Günlerden perşembe, eylül ayının ilk günü de olunca, sahilde aldım soluğu, kendimi bildim bileli böyle, ne zaman balık sezonu açılır ben balık tezgâhlarının başındayım, gören dört tane gırgırım var sanır, o derece!
İlk gün düşmez buralara balık, deniz bu, dalgalı olur, rüzgâr olur, tarla gibi değil yani, nisanın ortasında ektin, eylülün birinde hasat edesin!
Fiyatlarda bir değişiklik yok;
İstavrit; 25
Palamut; 20
Koltuğumun altına iki palamut sıkıştırdım, tam arabaya bineceğim biri seslendi arkamdan, döndüm; Arif!
Sarıldık...
Saçlar dökülmüş bunun, hala zayıf ama göbek yapmış, takıldım azıcık, güldük, mahalleye geri dönmüş, hoş mahallede tek katlı, bahçeli ev yokmuş artık, eski evin yerine apartman dikmişler üç daire düşmüş bunlara, birinde annesi oturuyormuş, pala babası geçen sene vefat etmiş kanserden, birinde ağabeyi, birinde Arif.
Hiç evlenmemiş.
Çorluya götürür müsün diye sorunca, taksimetreyi açarım kardeşim dedim gülüştük.

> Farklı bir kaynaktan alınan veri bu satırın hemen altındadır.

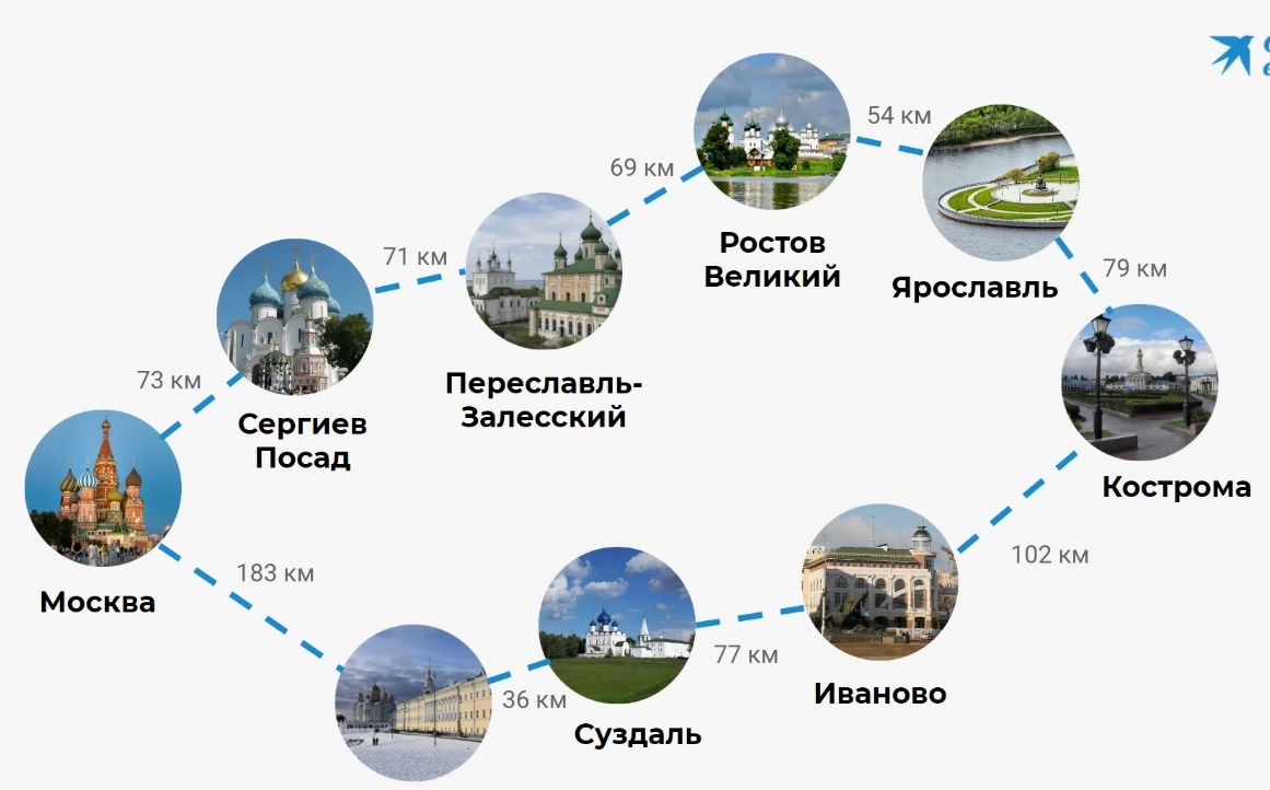 Маршрут охватывает несколько областей: Владимирскую, Ярославскую, Ивановскую, Костромскую, Московскую, Ростовскую и другие. Каждый город на этом пути — живая страница российской истории.

Eski mahalleye götürdüm Arif'i evine bıraktım, telefonlarımızı verdik birbirimize, yolda Yusuf Hayaloğlu'ndan Neyler sin'i okuttum, sanatçı nazı yaptı biraz ama eh olacak o kadar...
"Ah güzelim incinmiş bir sesi vardır yağmurun yanaklarına
vurduğun da hissedersin.
Ve bir veda sözcüğü saclarına,
Titreyen bir öpücükle dokunduğun da
Bu ani dondurmaya yetmez nefesin
Bir film sahnesi gibi akar gider ayrılık
Neylersin."
Cuma akşamı, laflar, takılırız diye aradım, telefonu kapalıydı...
Bugün öldüğünü öğrendim Arif'in, asmış kardeşim kendini!